У меня три пути на выбор: улыбающаяся дорога Юргордена, многолюдный Страндвеген с городскими улицами или же уединенная via dolorosa, только что мною описанная. Я тотчас же замечаю, куда меня тянет. Когда внутри меня гармония, воздух мне кажется легким, и я ищу людей.
Тогда я иду по улицам, в толпе народа, и чувствую, что я друг им всем. Но если что-нибудь неладно, то я вижу лишь врагов с презрительными взглядами; и ненависть их порою бывает так сильна, что я должен поворачивать назад. Тогда я ищу окрестностей Брунсвика или поросших дубняком холмов близ Рузендаля, и может случиться, что природа настроена на один лад со мною, и тогда я живу, так сказать, в собственной шкуре.
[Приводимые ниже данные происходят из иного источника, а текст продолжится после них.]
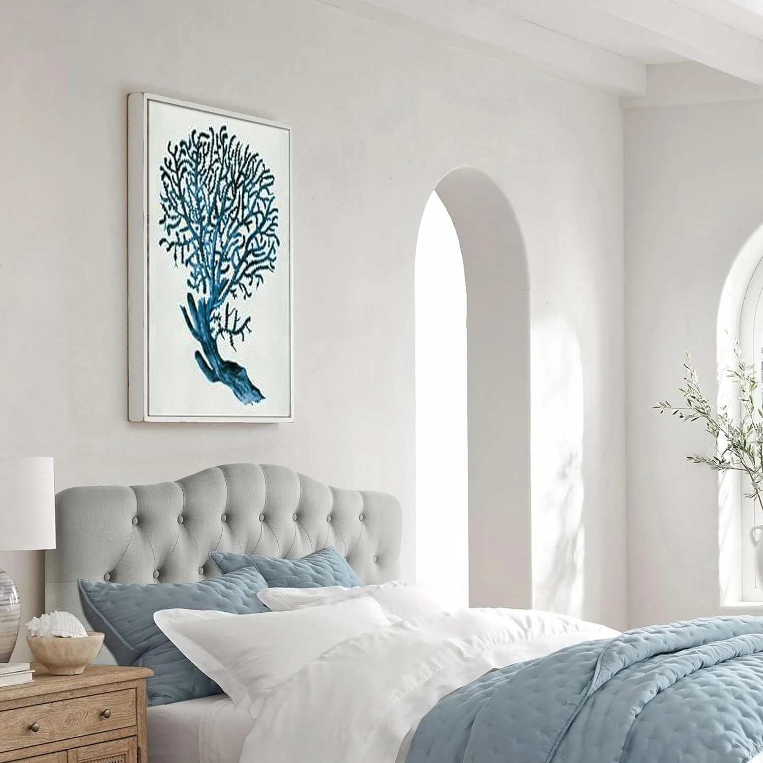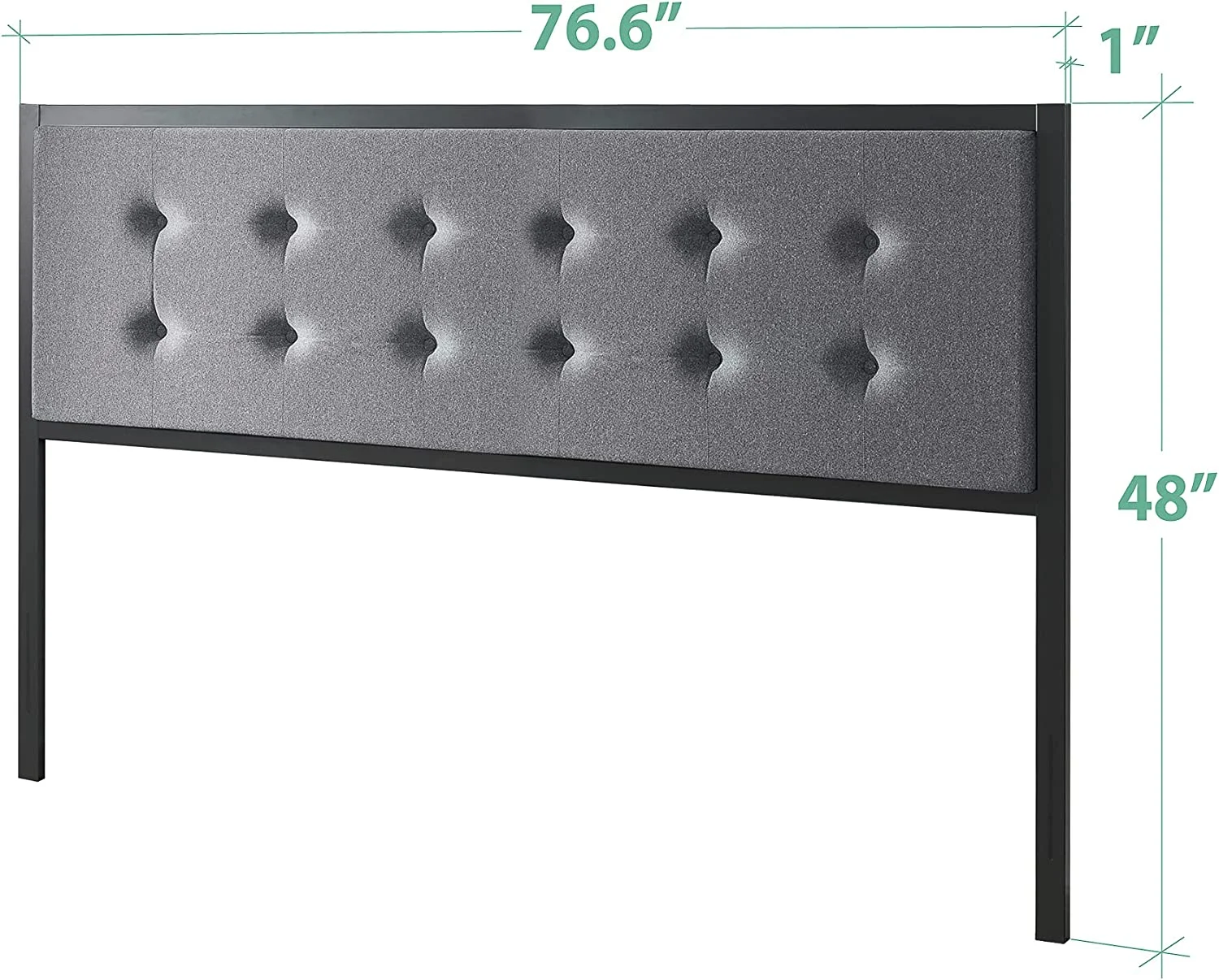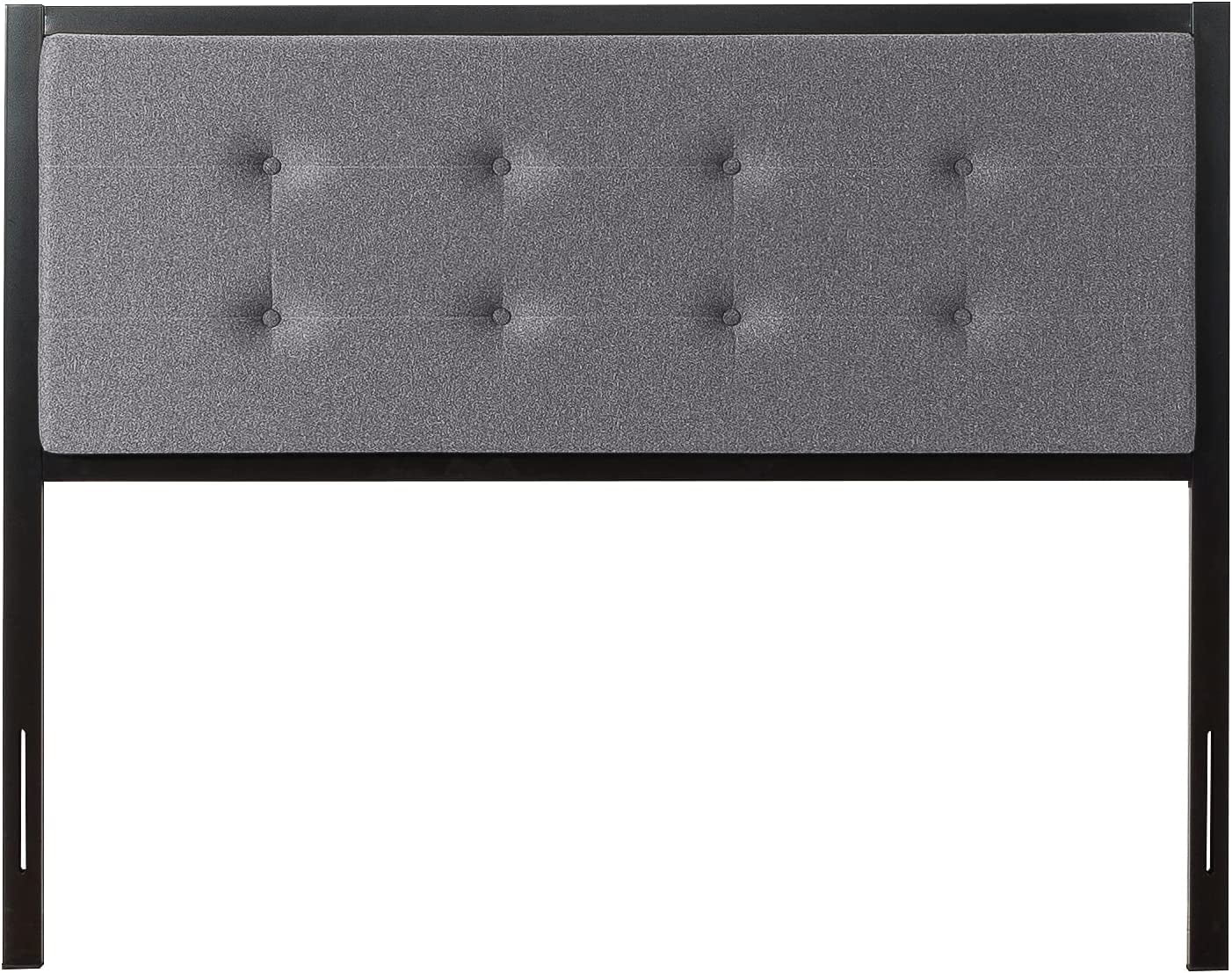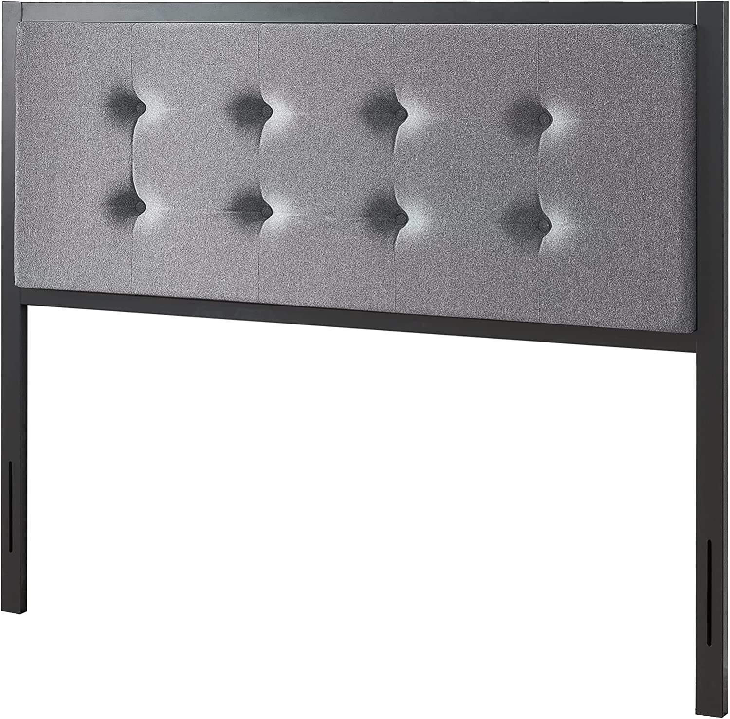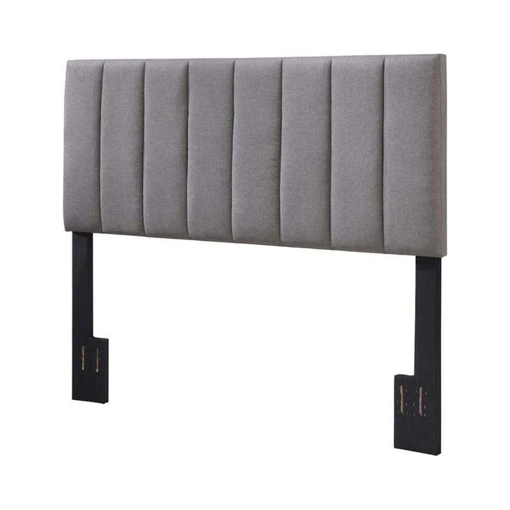 YGDU Givanna Adjustable Height Headboard with Linen Upholstery and Button Tufting for Bedroom, Full, Light Gray

С этим ландшафтом я освоился, с ним сросся, и он сделался фоном для моей личности. Но и тут необходимо настроение. Бывают утра, когда мы не сходимся. Тогда всё меняется. Березовые триумфальные арки кажутся мне хворостом, волшебные кусты орешника открыто показывают свои прутья; дубы грозно протягивают над моею головою свои узловатые руки, и я получаю ощущение ярма или дуги над шеею. Это отсутствие гармонии между мною и окружающею природою причиняет мне такое напряжение, что я готов лопнуть и должен бежать. Оборачиваясь, я вижу южную часть города с великолепными её контурами, и мне кажется, что я в чужом, неприятельском городе; я чувствую себя, как путешественник, видящий всё это в первый раз, я одинок, как иностранец, не имеющий ни одного знакомого за этими стенами.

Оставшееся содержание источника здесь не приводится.